In 2012, he played the young father character in Sun TV family serial Pillai Nila (2012–2014) alongside Divya Padmini, Shamitha and Shyam Ganesh. Shree and Shamitha shared the screen space together after marriage. The same year, he was cast in Zee Tamil Romance and Family serial Thulasi (2012–2013) alongside Chandra Lakshman and Sanjeev Venkat. The same year, Shree co-starred alongside Sreeja and Delhi Kumar in Bommalattam (2012–2016), a family serial, where Shree portrayed a negative role with negative shades.
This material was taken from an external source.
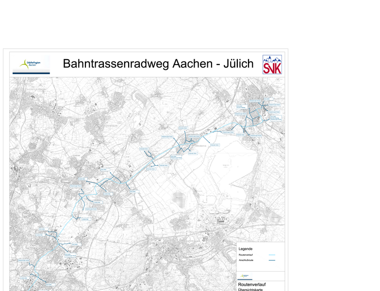 Beginnend am ehemaligen Aachener Nordbahnhof (Nähe Europaplatz) führt der Radweg auf 16 km über Würselen-Mitte und Alsdorf bis an die Grenze der Gemeinde Aldenhoven. Von dort aus geht schon heute der bestehende Bahntrassenradweg parallel zur Landstraße 136 bis nach Jülich weiter. (Routenverlauf)
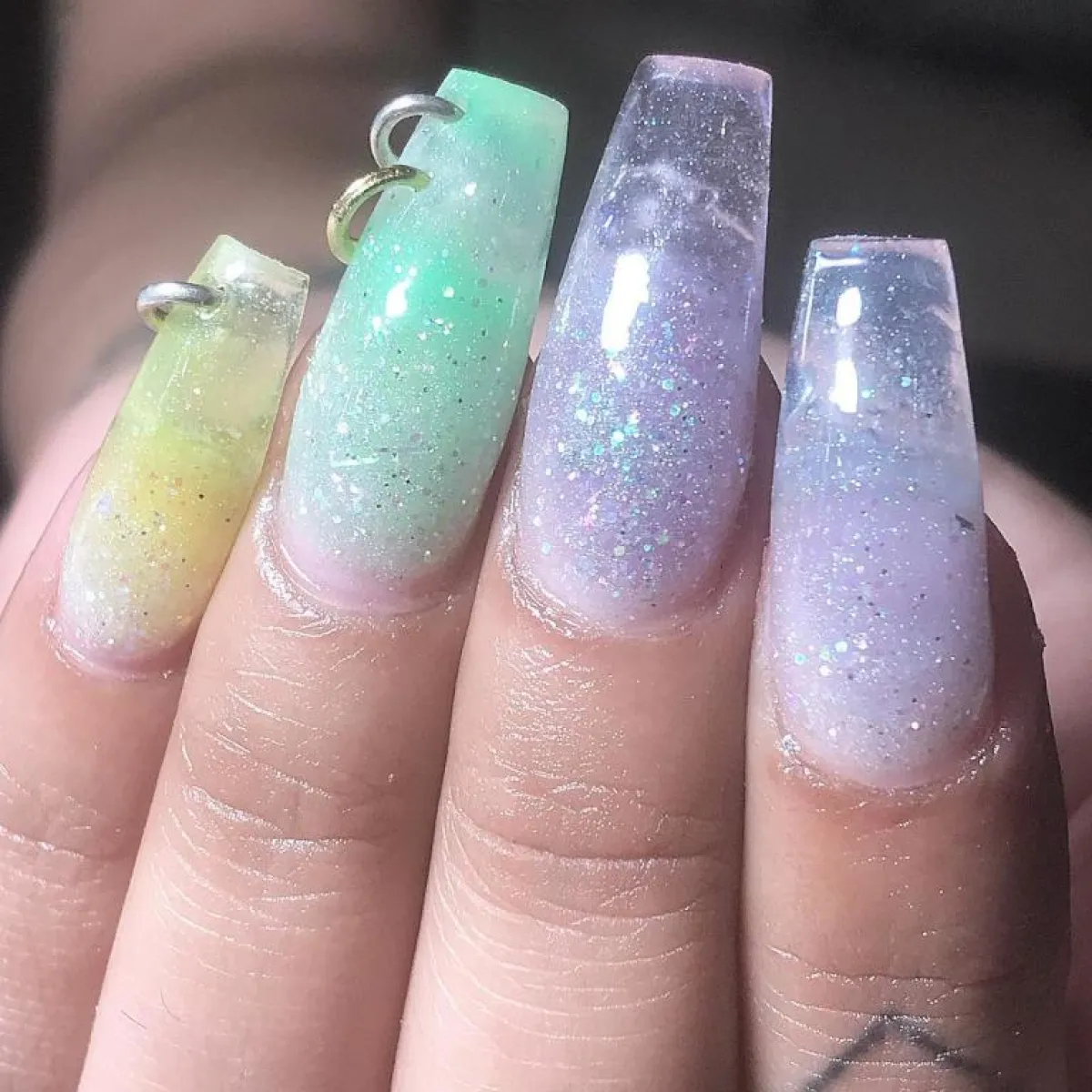 واحدة من الأفكار المميزة والجذابة بصيحة الأظافر، هو أن تعتمديها مع لمسة من اللمعان، وعادةً ما تكون بالطلاء الشفاف نفسه، اختاريه مع كل الأظافر، ولكننا ننصحكِ أن تعتمديه ببعض أظافر أصابع يديكِ فقط وليس كلها، حتى لا تبدي متكلفة للغاية، وسوف تبدين غاية في الجاذبية إن اعتمدتِ معه لمسة من الأيشادو الميتالك البراق.

It was a successful serial in Sun TV.

In 2013, he played the police officer character in Star Vijay family and romance serial Thayumanavan (2013) alongside Kalyani.

In 2016 he played the brief police inspector character in Vijay 59th action thriller film Theri written and directed by Atlee and produced by Kalaipuli S. Thanu. Shree starred in Zee Tamil family serial Thalayanai Pookal (2016–2018) alongside Nisha Krishnan and Anjali Rao.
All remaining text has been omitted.